• [Stored items]

· · · · · · ·

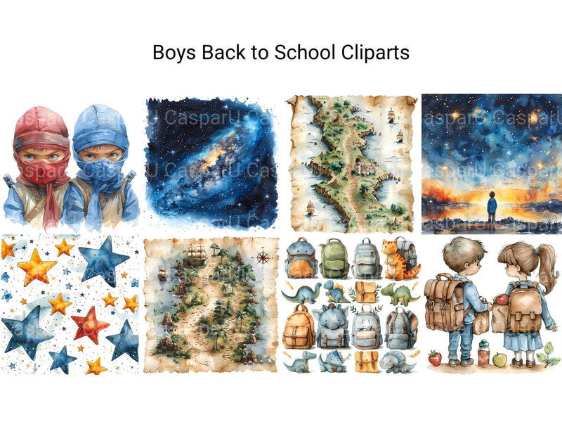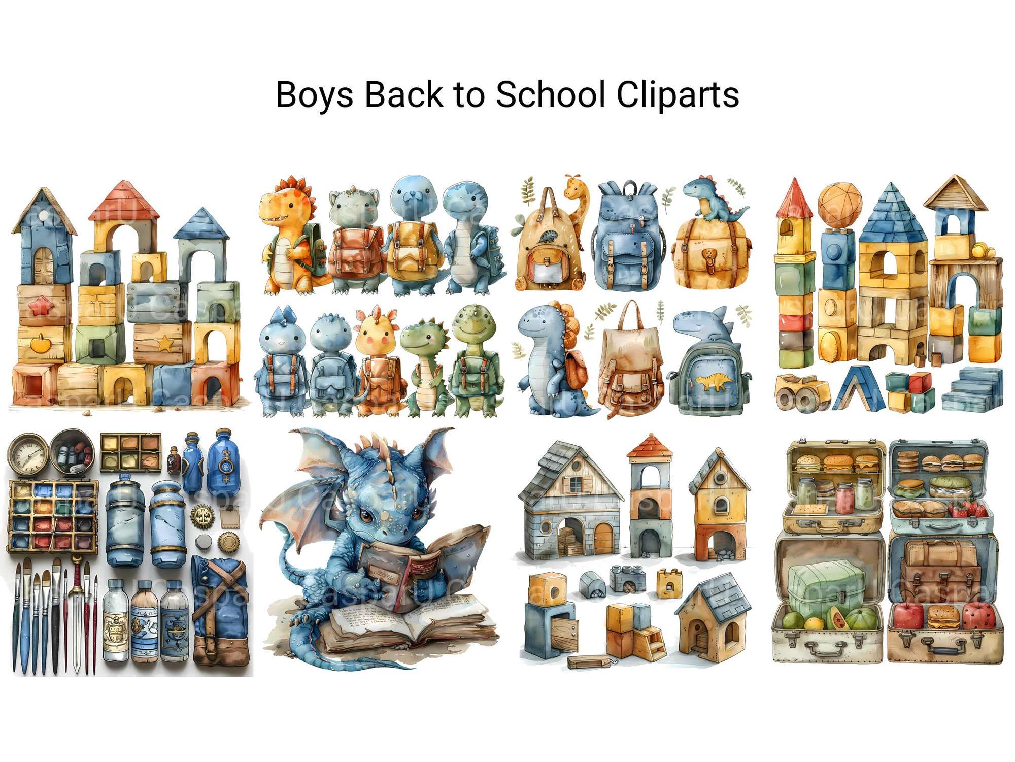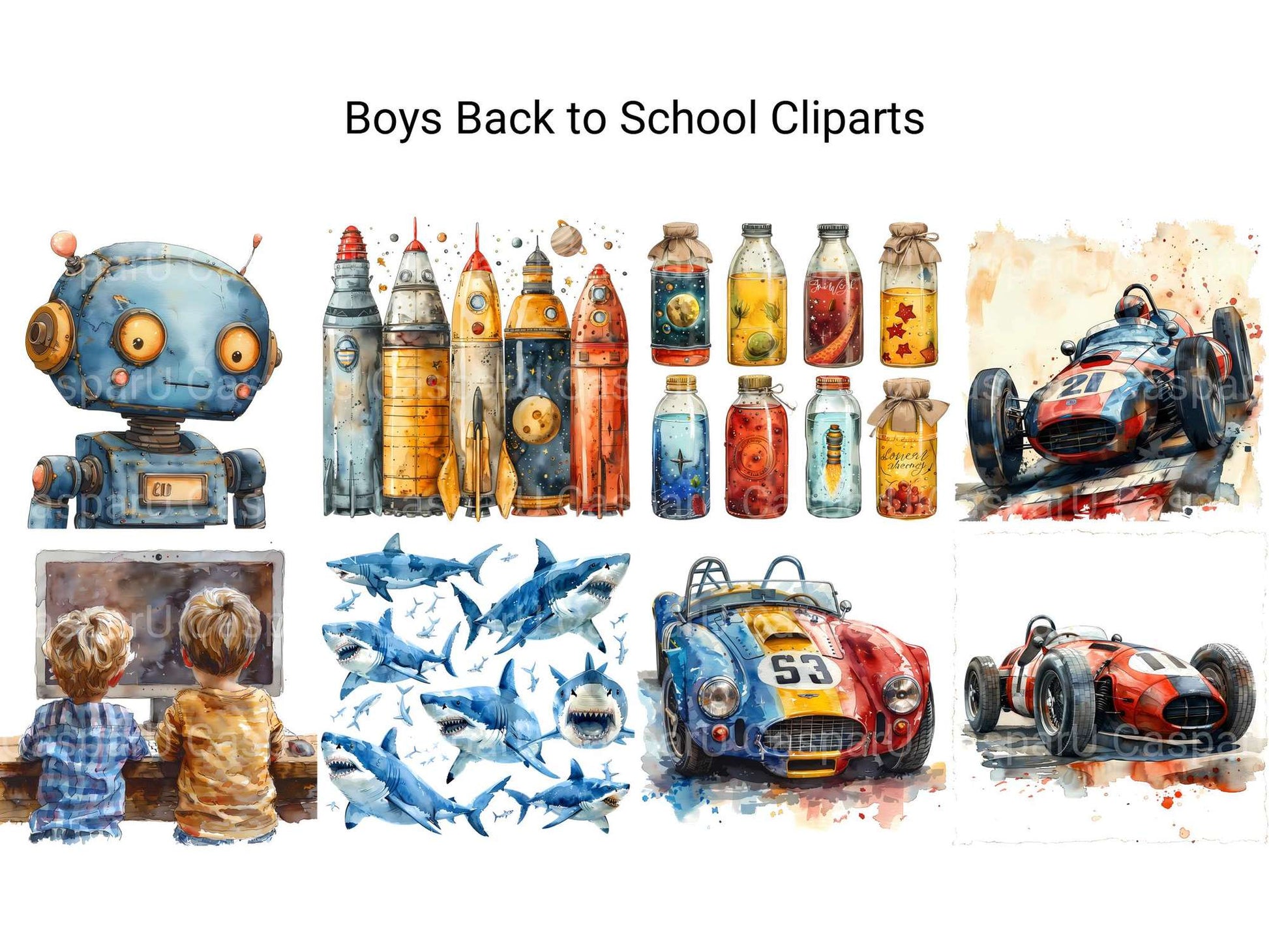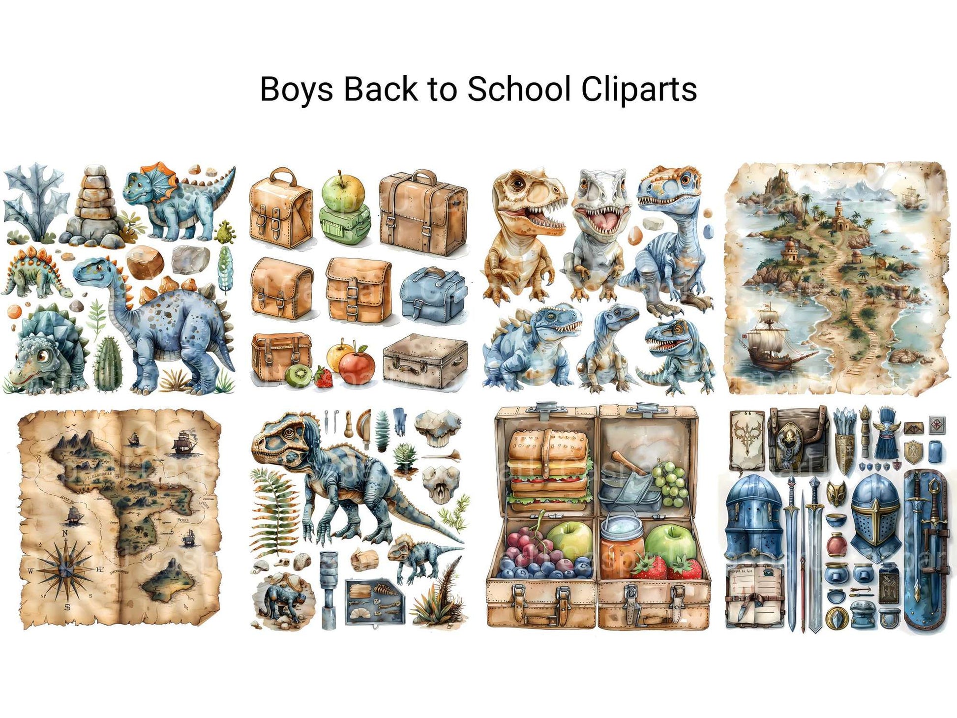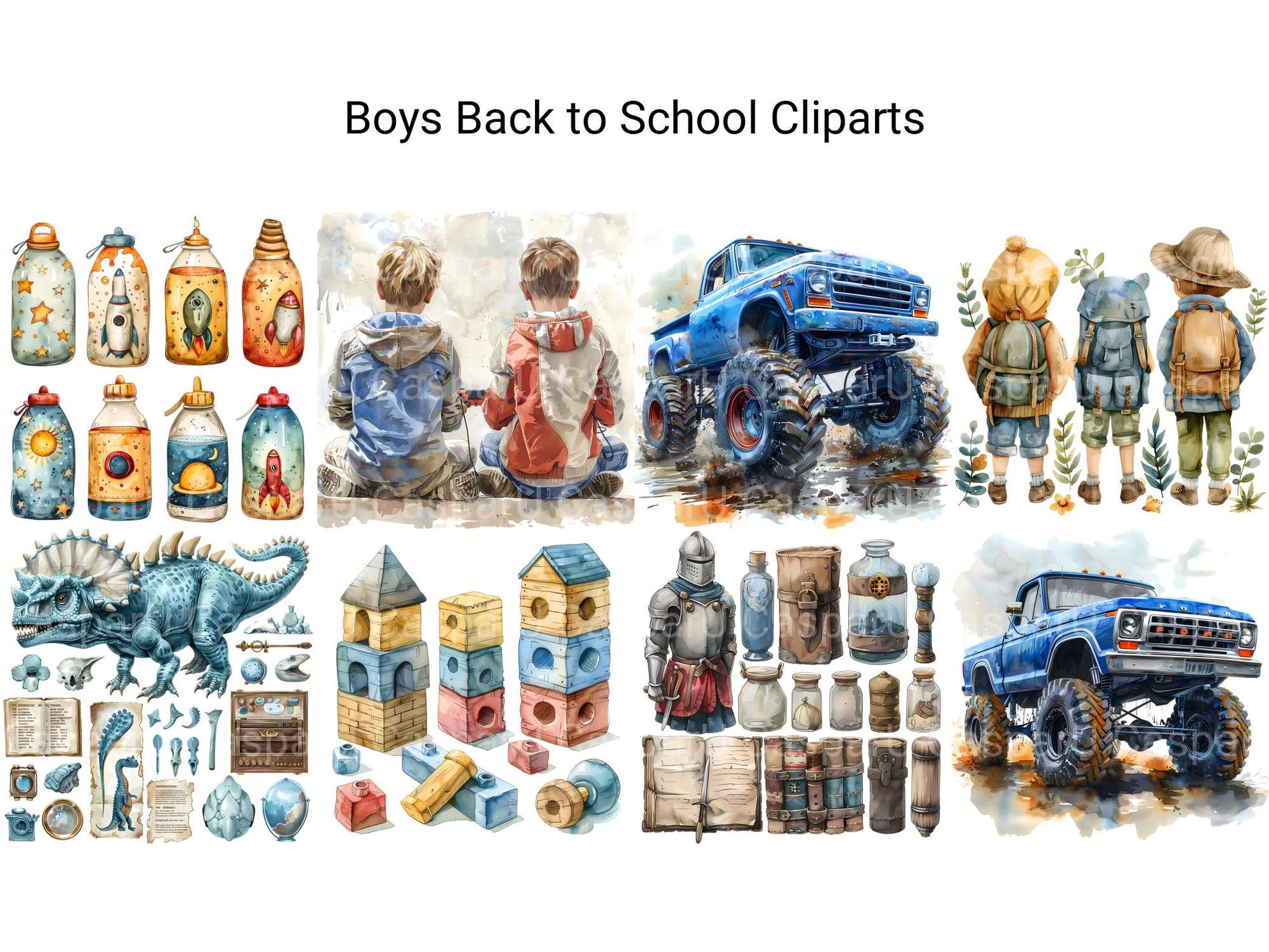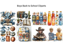 Capture the excitement of young scholars with cliparts centered around boys and their favorite school activities. These playful illustrations are perfect for projects with a focus on boys heading back to school.
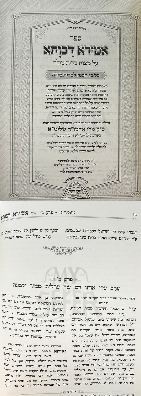 ספר אמירא דכותא על מצות ברית מילה כל בו הכנה לבדית מילה מאמרים נבחרים משיחות הקודש נובעים מים חיים, מסודר ב"ה באופן נפלא לפי סדר ענינים וערכים, בתוספת מאמר מכתי"ק מהרשימות בימים קדמונים, עם סיפורים ועובדות מצדיקים הק' להזכירם לחיים, ומנהגי קודש על כל סדר קיום המצוה בשמונת הימים, ולימודי מאמרי הזוהר קדישא בהכנה דרבה זוהרים, וסדר הלימוד ברית יצחק בליל שימורים, וכל סדר הברית מילה התפלות והפיוטים, שנלקטו מתוך שיחות קודש שנשמעו כסדרן מאת כ"ק מרן אדמו"ר שליט"א בעריכת 'לחיים' לאחד בריתות מילה מסודר לפי עניינים וערכים באופן השווה לכל נפש, לתועלת הלומד שיוכל למצוא בנקל את מבוקשו, לדעות בגנים וללקוט שושנים. יו"ל בס"ד ע"י מערכת "למען דעת" הו"ל דא"ח וספרי כ"ק מרן אדמו"ר שליט"א שע"י אברכי תולדות אהרן ערב ראש השנה תשפ"ו לפ"ק מהדורת העללער למען דעת דא"ח של כ"ק מרן אדמו"ר שליט"א ע"י אברכי תולדות אררן
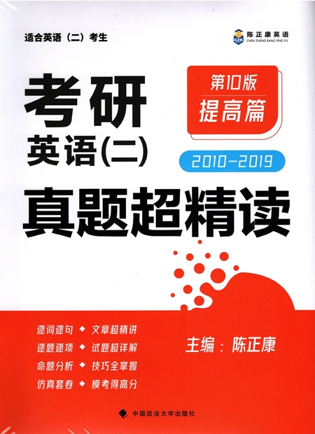 1.本书是陈正康老师编写的“考研英语真题超精读”系列产品之一,适合参加考研英语(一)的考生在备考的提高阶段使用。 2.全书甄选2010-2020年考研英语(一)真题;试卷集合成册、精读精解按年份独立装订,答案速查够方便、携带使用够简便。 3.逐词、逐句、逐段、逐篇超精解读,核心必考词讲解、长难句精析精译、英汉对照互译一应俱全;“正确项精解”“干扰项分析”“技巧点拨”同步到位,还原命题思路,破解命题套路;“结构分析”“翻译技巧”攻克长难句翻译,授之以渔;“审题构思”传授写作前的布局谋篇之法,“写作储备”提供写作素材,增加写作储备。 4.每个年份的精读精解按每篇文章所在页码配备目录,便于快速准确定位文章;必考词汇、常考搭配、超纲词汇全部配有标注,便于迅速定位重难点词汇。
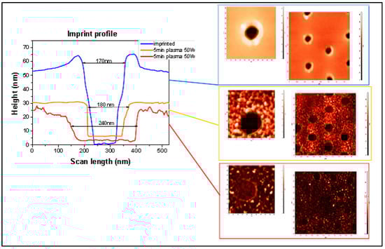 The AFM scans of imprinted and etched samples reveal the additional effect of the plasma etching process on the resist. As seen in Figure 9, the resist undergoes extra curing under plasma, wherein the polymer chain undergoes cross-linkage and becomes clearly visible. The over-curing and cross-linkage of resist were found undesirable for the lift-off process of further sample processing.
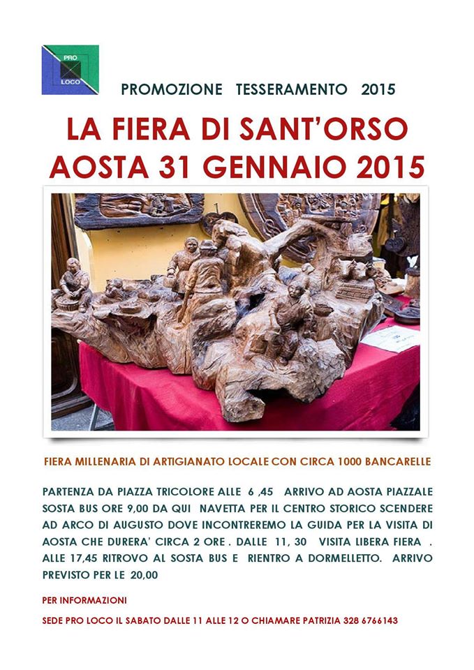 Domenica 31 gennaio, la ProLoco organizza la gita alla famosa fiera di Sant'Orso di Aosta, fiera millenaria di artigianato locale con circa 1000 bancarelle.
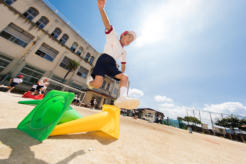 輪っかをケンケンパしたり、カラーコーンや箱をジャンプしたりしました。
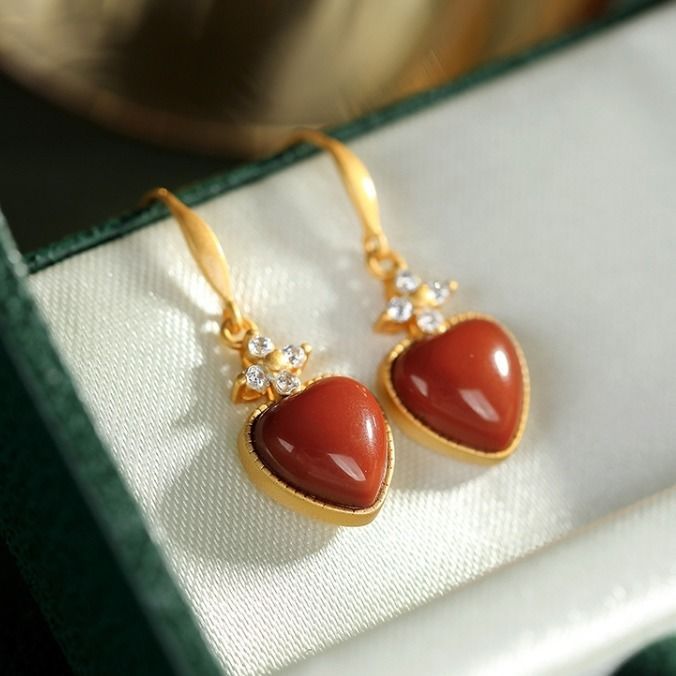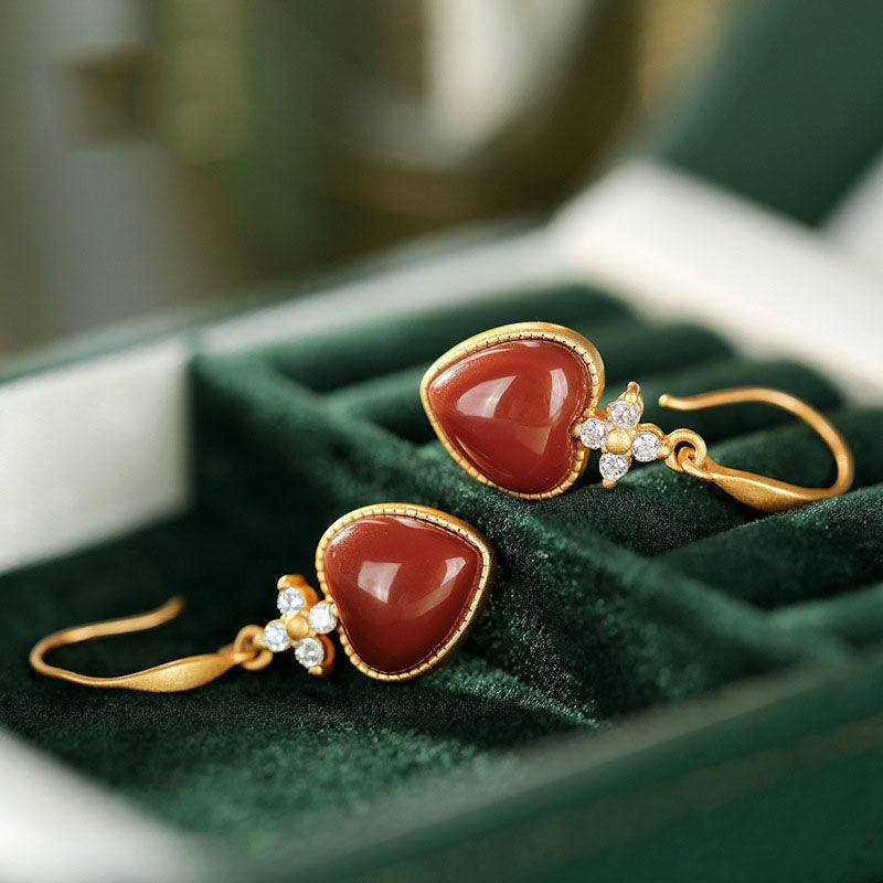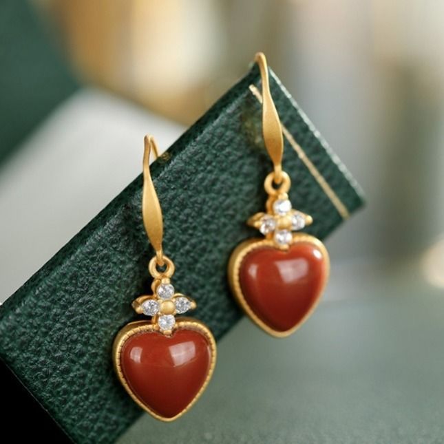 Inlay material: 925 silverColor: South Red Heart-shaped EarringsPurity: A pair of S925 sterling silverPopular elements: hollowEar-piercing material: 925 silver
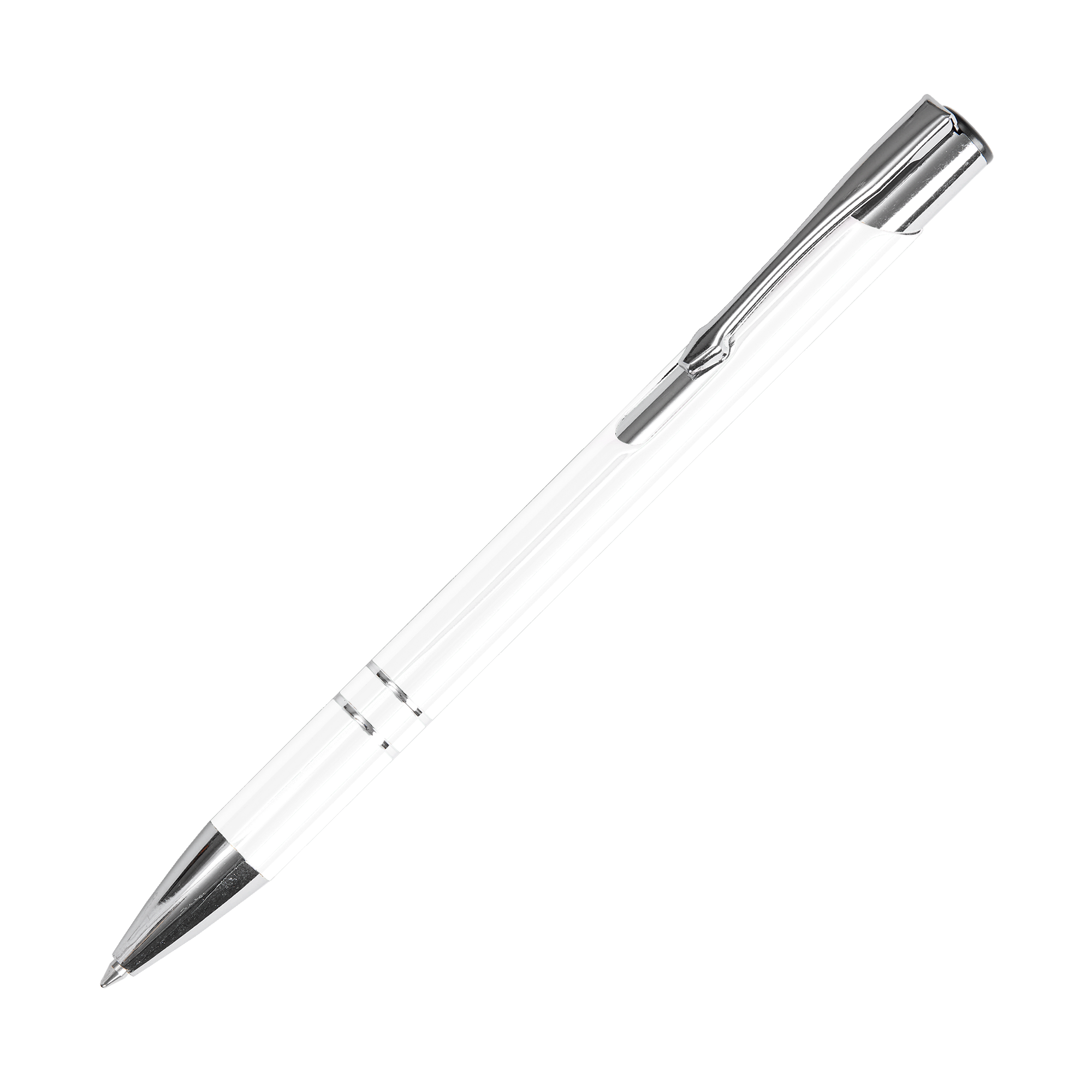Яркая шариковая ручка с глянцевым цветным корпусом и хромированными деталями.
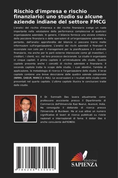 L'analisi del rischio d'impresa e del rischio finanziario svolge un ruolo importante nella valutazione della performance complessiva di qualsiasi organizzazione aziendale. In genere, il bilancio fornisce una visione sintetica della posizione finanziaria e delle operazioni di un'organizzazione aziendale e, pertanto, dall'analisi approfondita del bilancio si possono trarre molte informazioni sull'organizzazione. L'analisi dei rischi aziendali e finanziari è essenziale non solo per il management per la pianificazione e il controllo finanziario, ma anche per le parti esterne interessate come gli investitori, i creditori, i clienti, ecc. nel loro processo decisionale. Lo studio è organizzato in cinque capitoli. Il primo capitolo è un'introduzione allo studio. Questo capitolo presenta anche i concetti di rischio aziendale e finanziario. Il secondo capitolo tratta lo scopo dello studio, i suoi obiettivi, l'ambito di applicazione, la metodologia di ricerca e l'organizzazione dello studio. Il terzo capitolo contiene una breve descrizione delle quattro aziende selezionate (NIRMA, DABUR, MARICO e HUL). Le osservazioni e i risultati dello studio sono presentati nel quarto capitolo. L'ultimo capitolo illustra le conclusioni tratte dallo studio.
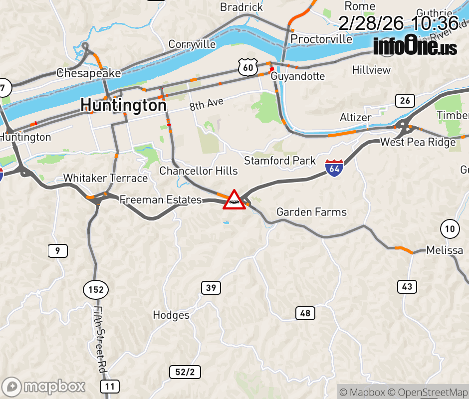 Vehicle Crash on WV-10/I-64WB Hal Greer Exit . The northbound right lane is closed. ![]() |
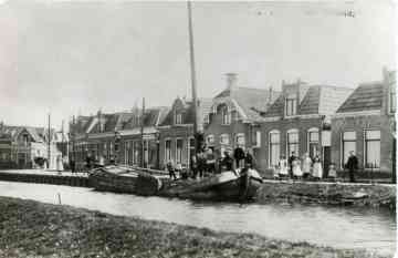 De Wegsloot met een afgemeerd skûtsje. Links staat een tilbury met een paard. H
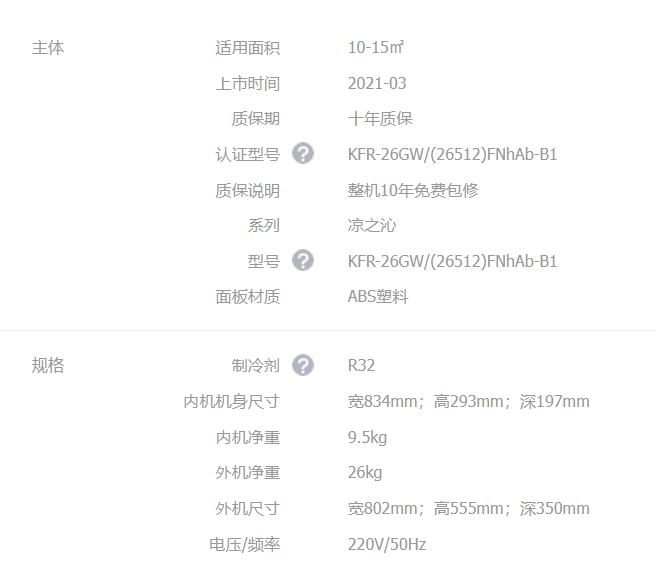 格力/空调/KFR-26GW/(26512)FNhAb-B1/凉之沁 变频冷暖 1匹 1级能效 挂机空调

· · · · · · ·

• [BRIEF]
In the entries above, find the line containing "輪っかをケンケンパしたり、カラーコーンや箱をジャンプしたりしました。" and the line containing "Яркая шариковая ручка", then copy both and every line between them exactly, without any picture.

• [EXERCISE OUTPUT]
 輪っかをケンケンパしたり、カラーコーンや箱をジャンプしたりしました。
 Inlay material: 925 silverColor: South Red Heart-shaped EarringsPurity: A pair of S925 sterling silverPopular elements: hollowEar-piercing material: 925 silver
Яркая шариковая ручка с глянцевым цветным корпусом и хромированными деталями.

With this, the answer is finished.